On 3/9/19 12:40 AM, Carlos Rivas wrote:
Benson,
When I was testing on a single machine, performance was moving by leaps and 
bounds, like this:

-- 2 hours on a c5.2xlarge
-- 68 minutes on a p2.xlarge
-- 18 minutes on a p3.2xlarge
-- 7 minutes on a p3.dn24xlarge

It's only when I switched to using clusters that things went downhill and I 
haven't been able to beat the above numbers by throwing more CPUs and GPUs at 
it.

CJ


-----Original Message-----
From: gromacs.org_gmx-users-boun...@maillist.sys.kth.se 
<gromacs.org_gmx-users-boun...@maillist.sys.kth.se> On Behalf Of Benson Muite
Sent: Friday, March 8, 2019 4:19 PM
To: gromacs.org_gmx-users@maillist.sys.kth.se
Subject: Re: [gmx-users] gromacs performance

You seem to be using a relatively large number of GPUs. May want to check your 
input data (many cases will not scale well, but ensemble runs can be quite 
common). Perhaps check speedup in going from 1 to 2 to 4 GPUs on one node.

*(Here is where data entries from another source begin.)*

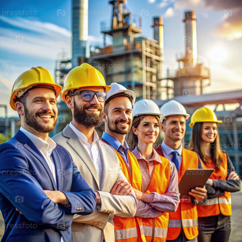 Уверенные инженеры в жестких шляпах стоят перед промышленным объектом на закате
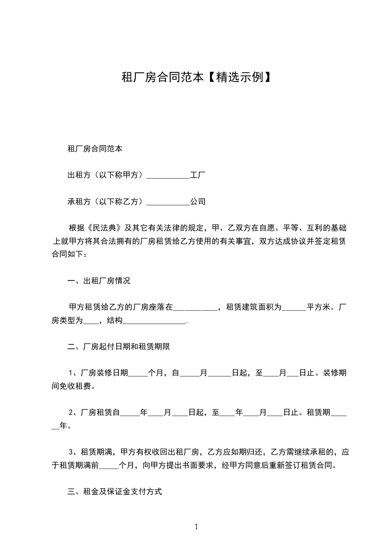 租厂房合同范本
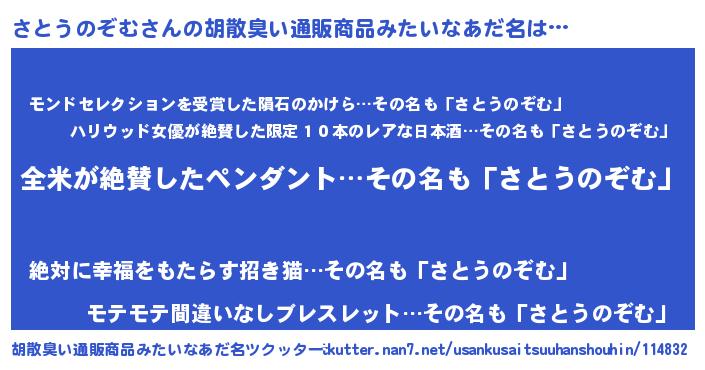 | 意味不明あだ名 | 『とにかく怪しいさとうのぞむ』 |
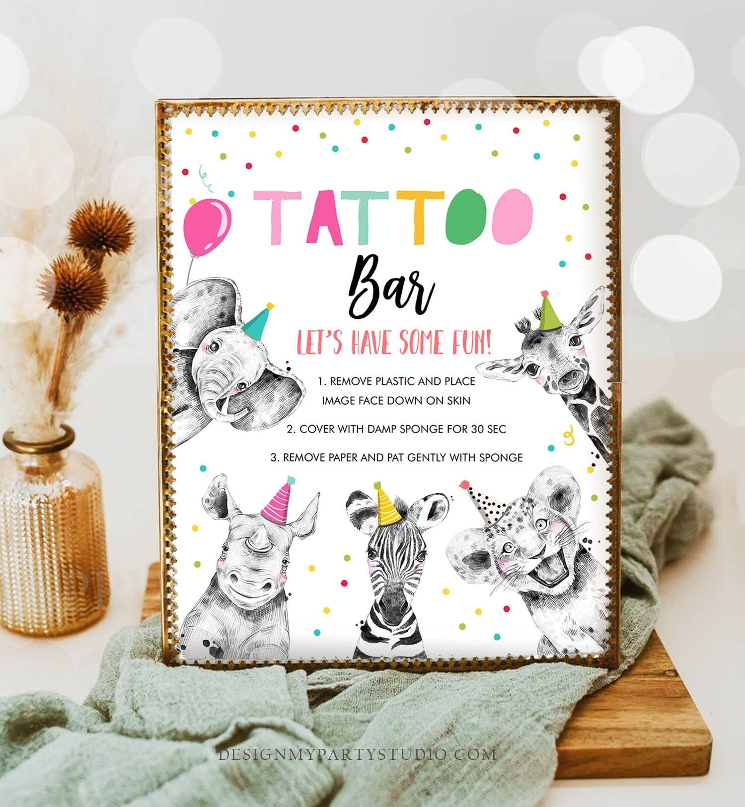 • Tattoo Bar Sign Party Animals Birthday Sign Safari Animals Decor Girl Birthday Wild One Animals Table Zoo Party Jungle Printable 0390
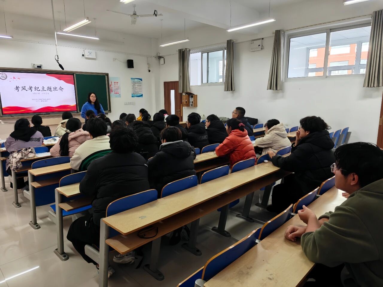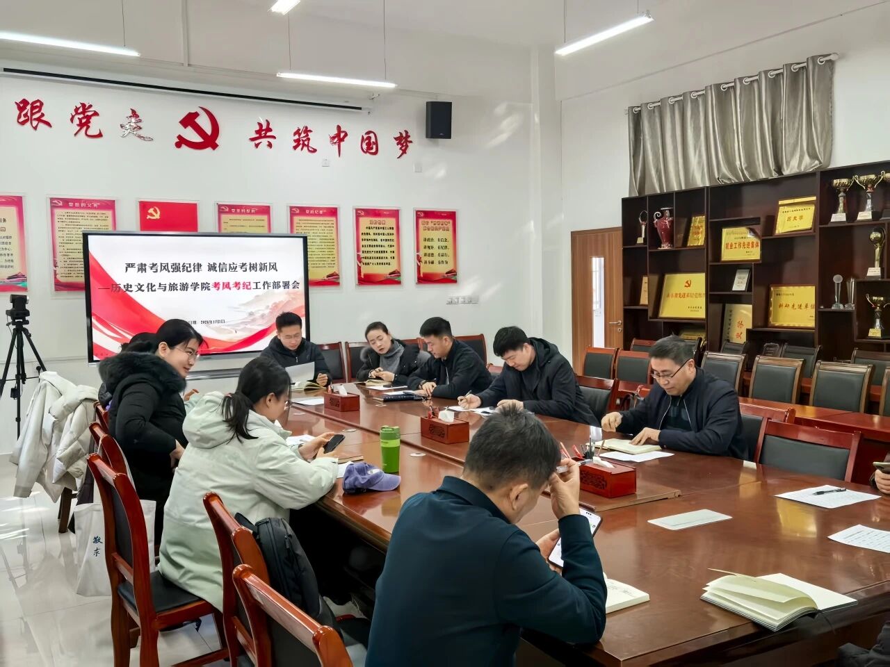 于6#A104会议室召开考风考纪工作部署会,院党委副书记、副院长卢庆洪,副院长官士刚,团委书记石晓晗和全体辅导员、班主任参加本次会议。卢庆洪在讲话中强调,期末考试是检验教学成果的重要环节,全体教师要强化责任意识,在考前教育、监考、阅卷登分等环节履职尽责,引导学生诚信应考,杜绝作弊行为。官士刚对教师监考工作提出具体要求,他强调监考教师要提前到岗,严格执行考场纪律,对考试违纪行为要敢于制止、严肃处理,确保考试过程规范有序。石晓晗明确学院责任追究机制,要求监考教师严格按照上报流程,以高度负责的态度筑牢考试公平防线。 二、主题班会:诚信立身 践行考规 在全体教师动员部署基础上,各班级迅速跟进,陆续召开考风考纪主题班会。各班班主任们结合真实案例解读考试政策,向学生详细阐述考试违纪的认定标准和处分规定。学生通过主题班会深刻认识到诚信考试的重要性,纷纷表示会自觉遵守考场纪律,以真实成绩检验学习成果。 本次活动通过"教师动员"与"学生教育"双线并行,在学院营造了"诚信考试光荣,违纪作弊可耻"的良好氛围。学院全体师生将以实际行动践行诚信准则,共同维护优良教风和学风,确保期末考试工作平稳有序进行。

On 3/9/19 12:11 AM, Carlos Rivas wrote:
Hey guys,
Anybody running GROMACS on AWS ?

I have a strong IT background , but zero understanding of GROMACS or
OpenMPI. ( even less using sge on AWS ), Just trying to help some PHD Folks 
with their work.

When I run gromacs using Thread-mpi on a single, very large node on AWS things 
work fairly fast.
However, when I switch from thread-mpi to OpenMPI even though everything's 
detected properly, the performance is horrible.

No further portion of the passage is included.